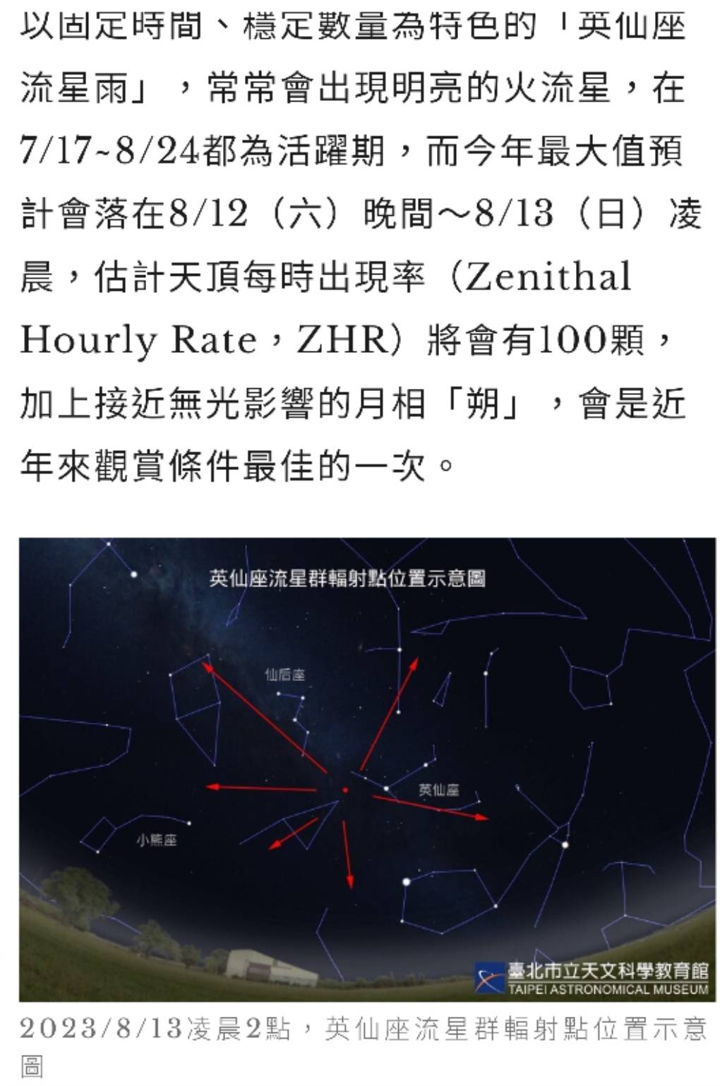 → leewendy : 到中央氣象局、台北天文館官網確認,極大期是寫13 08/13 01:11
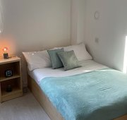Self contained studio bedroom with own kitchen and bathroom 15-18m2 approximately Double bed Under-bed storage, desk, chair, wardrobe and chest of drawers
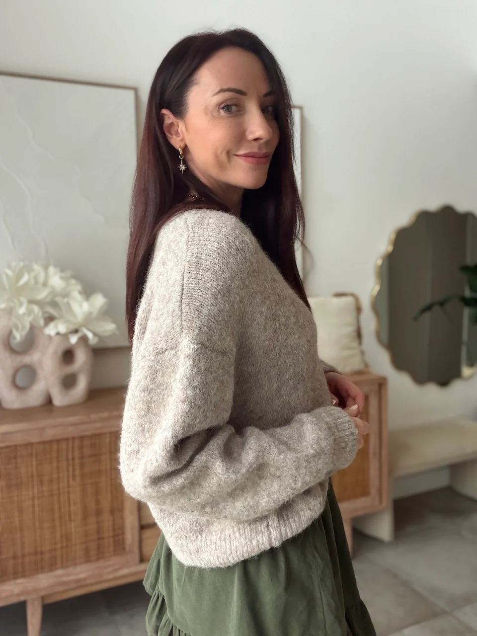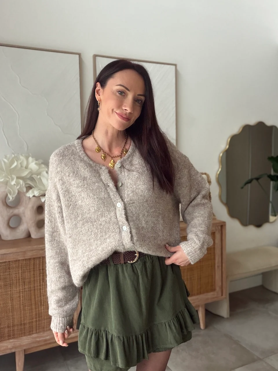 Un gilet doux et intemporel, facile à porter au quotidien. Sa coupe simple et ses boutons nacrés en font une pièce idéale à superposer sur une blouse ou un top.

§ **WHAT YOU WILL DO**:
Please leave the images out and retype the rest of the material exactly.

§ **YOUR RESPONSE**:
 → leewendy : 到中央氣象局、台北天文館官網確認,極大期是寫13 08/13 01:11
Self contained studio bedroom with own kitchen and bathroom 15-18m2 approximately Double bed Under-bed storage, desk, chair, wardrobe and chest of drawers
 Un gilet doux et intemporel, facile à porter au quotidien. Sa coupe simple et ses boutons nacrés en font une pièce idéale à superposer sur une blouse ou un top.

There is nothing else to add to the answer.